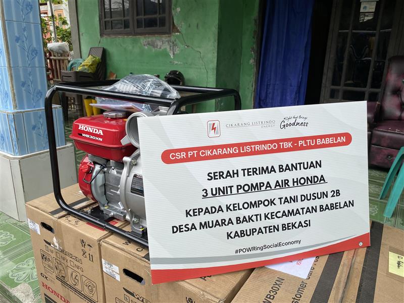 Program bantuan 3 mesin pompa air honda 3 inch bagi petani di Dusun 2B Desa Muara Bakti guna menunjang operasional pengairan bagi lahan persawahan dan perkebunan
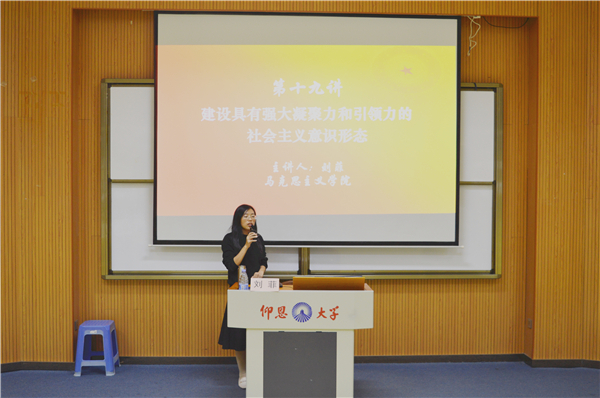 11月13日晚,2026世界杯官方合作网站于仰恩大学第三教学区和昌教学楼惟勤讲堂举办新思想理论宣讲会。马克思主义学院教师刘菲应邀为2026世界杯官方合作网站师生作题为“建设具有强大凝聚力和引领力的社会主义意识形态”宣讲报告。
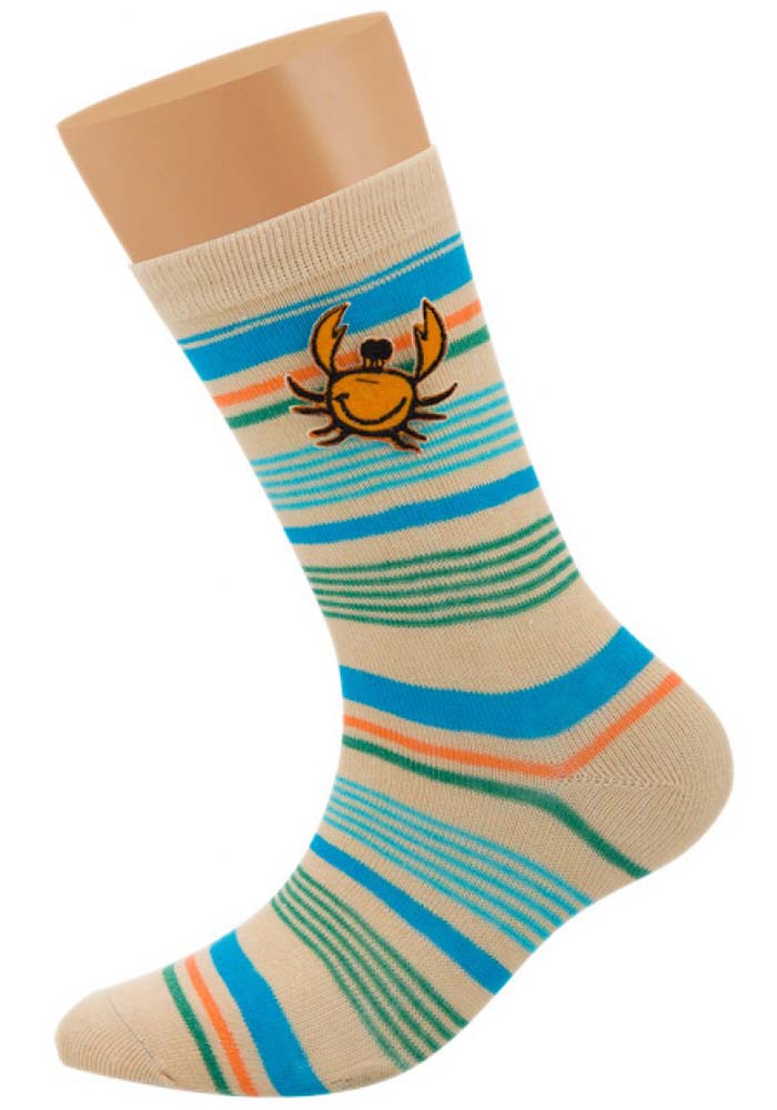 Детские носки из хлопка с эластаном, украшенные разноцветным рисунком "полоски" и боковой нашивкой в виде краба или кита.
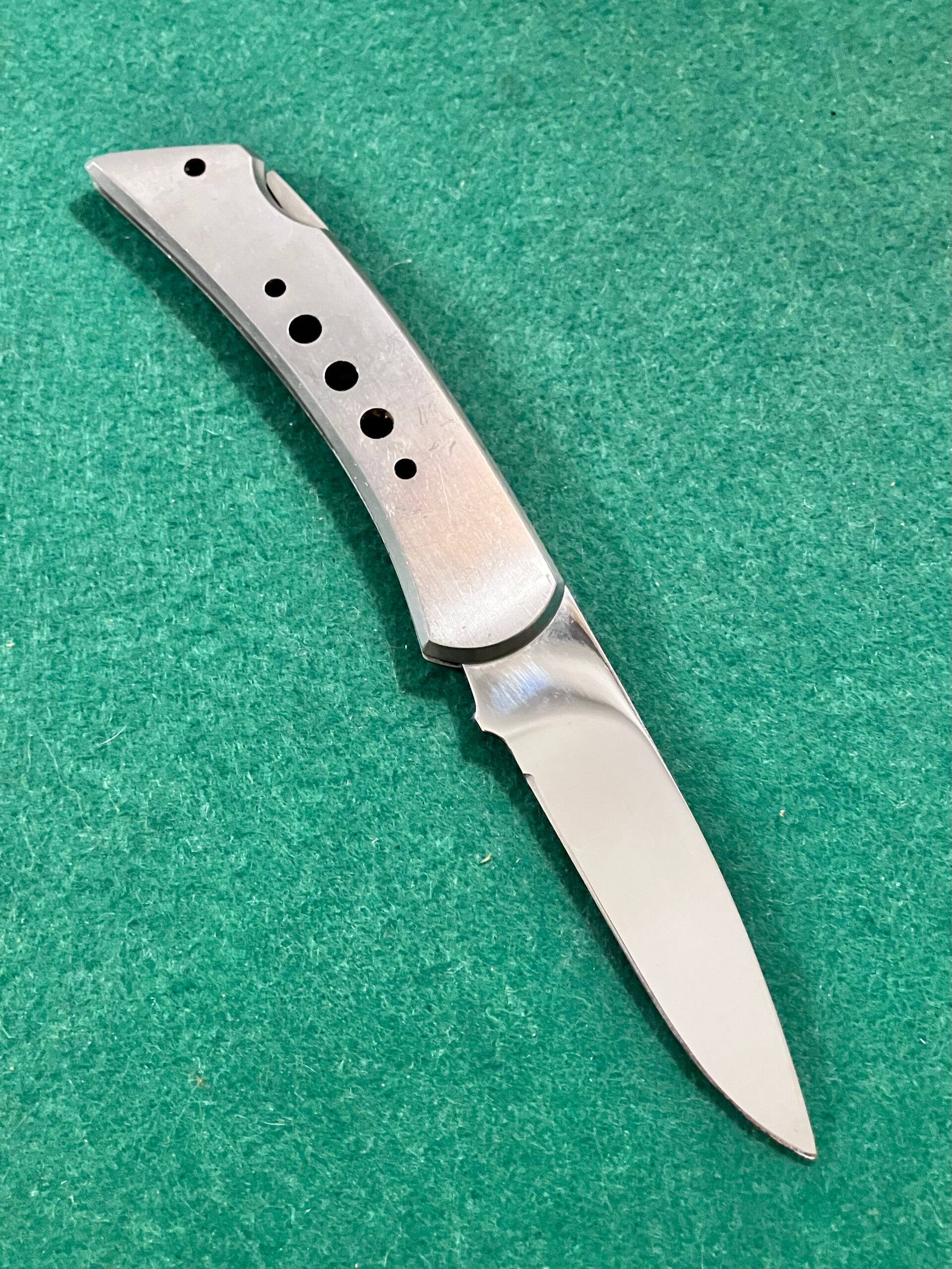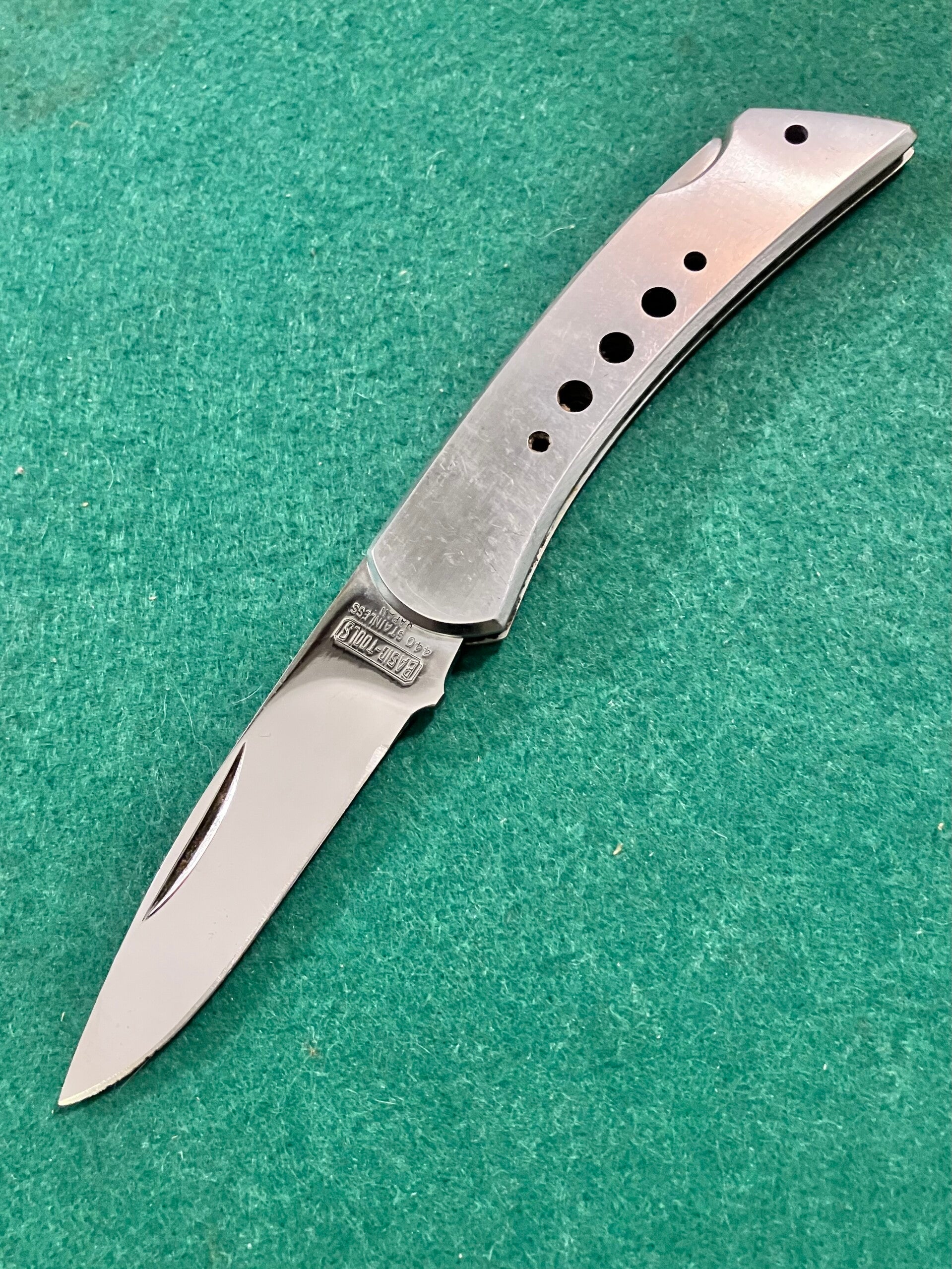Sturdy all stainless lock knife by Basic-Tools Japan. Appears to have had very little use. Blade length approx 84mm. PHOTO ID REQUIRED BEFORE POSTING
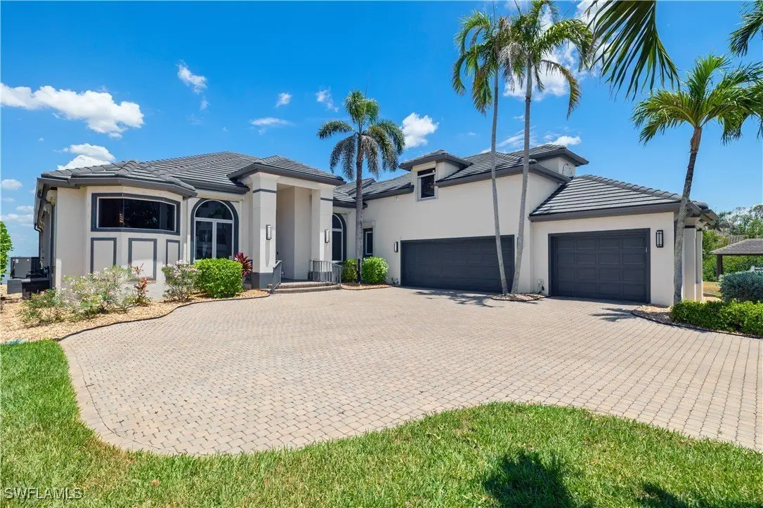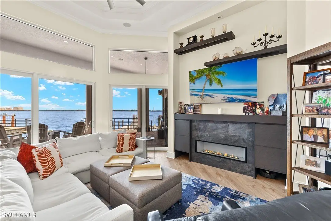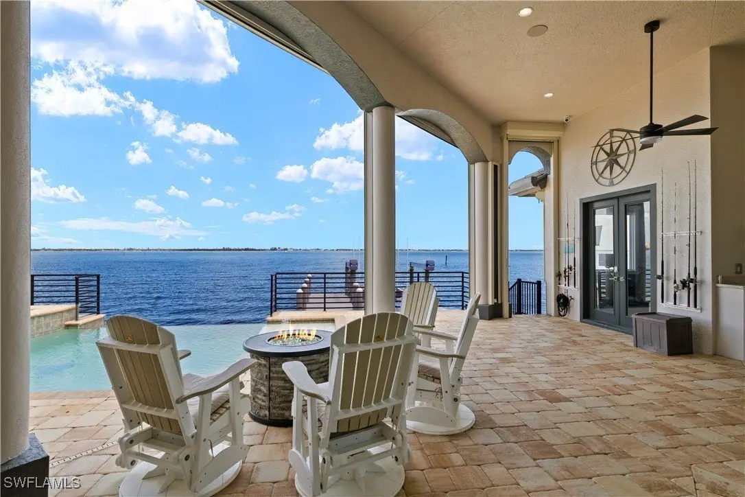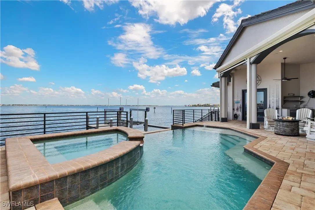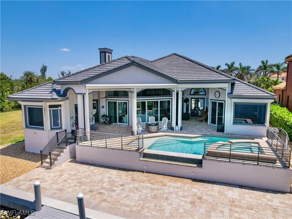 Luxurious Waterfront Living in the Prestigious Gated Community of Catalpa Cove. This beautifully updated estate offers over 3,500 square feet of refined living space with 4 bedrooms, 4.5 bathrooms, plus a private 1 bedroom, 1 bathroom guest suite with a partial kitchen-perfect for visitors, or a secluded workspace. From the moment you step through the front door, the home welcomes you with soaring ceilings, Great natural light, and stunning river views that stretch across the formal living and dining areas. The gourmet kitchen is both spacious and functional, featuring extensive counter space and an open layout that flows seamlessly into the family room-ideal for entertaining or everyday living. The VIP suite is thoughtfully positioned for privacy and showcases expansive water views, a spa-inspired bath, and generous closet space. Each additional bedroom includes its own ensuite bathroom, creating a private and comfortable space for family and guests alike. Outdoors, the home truly shines. An oversized paver lanai frames a saltwater infinity-edge pool and spa, offering a peaceful escape surrounded by breathtaking waterfront scenery. The attached guest suite, located just off the lanai, can also serve as a convenient pool bath. Boaters will love the private dock outfitted with a 16,000 lb. lift, power, and water connections, alongside a raised seawall and approximately 80 feet of direct river frontage. Recent updates add to the home's value and peace of mind: a 2022 roof, 2-zone HVAC with dehumidifier and UV purification (2021), Storm Smart Kevlar storm screens, new exterior and interior paint, upgraded irrigation running on a private well, and a dual propane tank setup with generator-ready electrical panel. Best of all, this home remained high and dry-no water intrusion in either the main residence or garage during any storms. Located just minutes from fine dining, marinas, and the white-sand beaches of Sanibel and Captiva, this is a rare opportunity to own a truly turn-key waterfront residence in one of Southwest Florida's most sought-after communities.
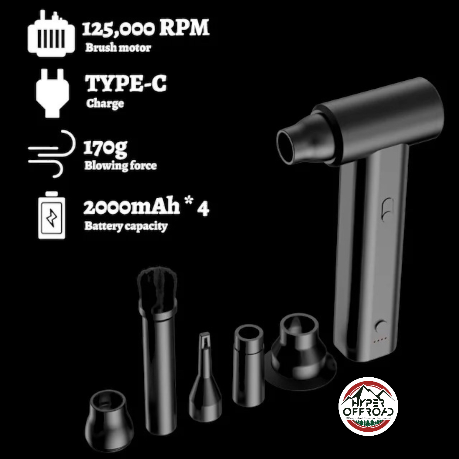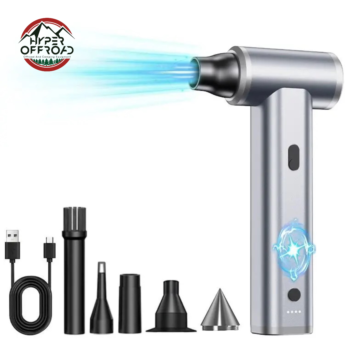 با استفاده از این جت فن میتوانید به راحتی خودرو خود را پس از شستو شو خشک کنید یا میتوانید در سفر آفرودی داخل و صندوق یا لگن بار خودرو خود را در عرض چند ثانیه نظافت و تمیز کنید ، همچنین تصور بفرمایید قصد روشن کردن آتش دارید ! کافیست از جت فن استفاده کنید تا در کمتر از ۱ دقیقه اتش و ذغال خود را اماده استفاده بفرمایید.
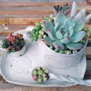 疲れたぁと思いながらも、リサイクルショップで買ってたコーヒー3点セットに寄せ植え🎶✨ 大好きな桃太郎をmainに斑入りグリネ、斑入りタイトゴメ、兎さん💗 ミルク入れとスプーンはセダムさんで…♥
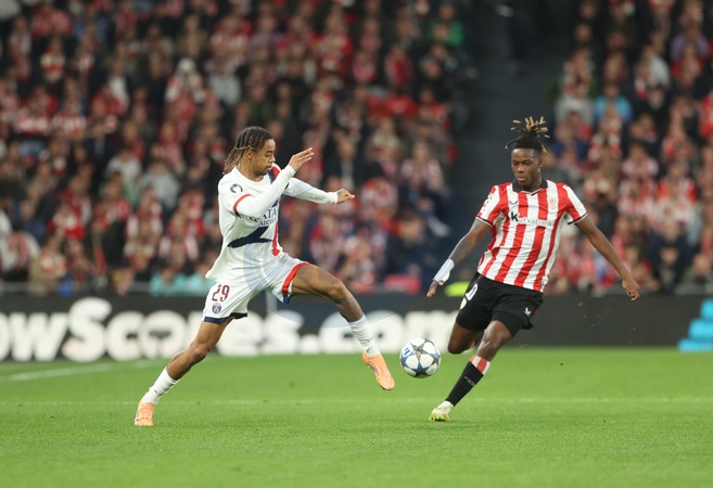 Athletic Club v Paris Saint-Germain PSG - UEFA Champions Bradley Barcola (Paris Saint-Germain) and Nicholas Williams Arthuer (Athletic Club) battle for the ball, Credit:Juan Lazkano / Avalon

-- -- --

== YOUR TASK ==
Set the entries down again exactly. Do not include the images.

== OUTPUT FOR THIS TASK ==
 Program bantuan 3 mesin pompa air honda 3 inch bagi petani di Dusun 2B Desa Muara Bakti guna menunjang operasional pengairan bagi lahan persawahan dan perkebunan
 11月13日晚,2026世界杯官方合作网站于仰恩大学第三教学区和昌教学楼惟勤讲堂举办新思想理论宣讲会。马克思主义学院教师刘菲应邀为2026世界杯官方合作网站师生作题为“建设具有强大凝聚力和引领力的社会主义意识形态”宣讲报告。
 Детские носки из хлопка с эластаном, украшенные разноцветным рисунком "полоски" и боковой нашивкой в виде краба или кита.
Sturdy all stainless lock knife by Basic-Tools Japan. Appears to have had very little use. Blade length approx 84mm. PHOTO ID REQUIRED BEFORE POSTING
 Luxurious Waterfront Living in the Prestigious Gated Community of Catalpa Cove. This beautifully updated estate offers over 3,500 square feet of refined living space with 4 bedrooms, 4.5 bathrooms, plus a private 1 bedroom, 1 bathroom guest suite with a partial kitchen-perfect for visitors, or a secluded workspace. From the moment you step through the front door, the home welcomes you with soaring ceilings, Great natural light, and stunning river views that stretch across the formal living and dining areas. The gourmet kitchen is both spacious and functional, featuring extensive counter space and an open layout that flows seamlessly into the family room-ideal for entertaining or everyday living. The VIP suite is thoughtfully positioned for privacy and showcases expansive water views, a spa-inspired bath, and generous closet space. Each additional bedroom includes its own ensuite bathroom, creating a private and comfortable space for family and guests alike. Outdoors, the home truly shines. An oversized paver lanai frames a saltwater infinity-edge pool and spa, offering a peaceful escape surrounded by breathtaking waterfront scenery. The attached guest suite, located just off the lanai, can also serve as a convenient pool bath. Boaters will love the private dock outfitted with a 16,000 lb. lift, power, and water connections, alongside a raised seawall and approximately 80 feet of direct river frontage. Recent updates add to the home's value and peace of mind: a 2022 roof, 2-zone HVAC with dehumidifier and UV purification (2021), Storm Smart Kevlar storm screens, new exterior and interior paint, upgraded irrigation running on a private well, and a dual propane tank setup with generator-ready electrical panel. Best of all, this home remained high and dry-no water intrusion in either the main residence or garage during any storms. Located just minutes from fine dining, marinas, and the white-sand beaches of Sanibel and Captiva, this is a rare opportunity to own a truly turn-key waterfront residence in one of Southwest Florida's most sought-after communities.
 با استفاده از این جت فن میتوانید به راحتی خودرو خود را پس از شستو شو خشک کنید یا میتوانید در سفر آفرودی داخل و صندوق یا لگن بار خودرو خود را در عرض چند ثانیه نظافت و تمیز کنید ، همچنین تصور بفرمایید قصد روشن کردن آتش دارید ! کافیست از جت فن استفاده کنید تا در کمتر از ۱ دقیقه اتش و ذغال خود را اماده استفاده بفرمایید.
 疲れたぁと思いながらも、リサイクルショップで買ってたコーヒー3点セットに寄せ植え🎶✨ 大好きな桃太郎をmainに斑入りグリネ、斑入りタイトゴメ、兎さん💗 ミルク入れとスプーンはセダムさんで…♥
 Athletic Club v Paris Saint-Germain PSG - UEFA Champions Bradley Barcola (Paris Saint-Germain) and Nicholas Williams Arthuer (Athletic Club) battle for the ball, Credit:Juan Lazkano / Avalon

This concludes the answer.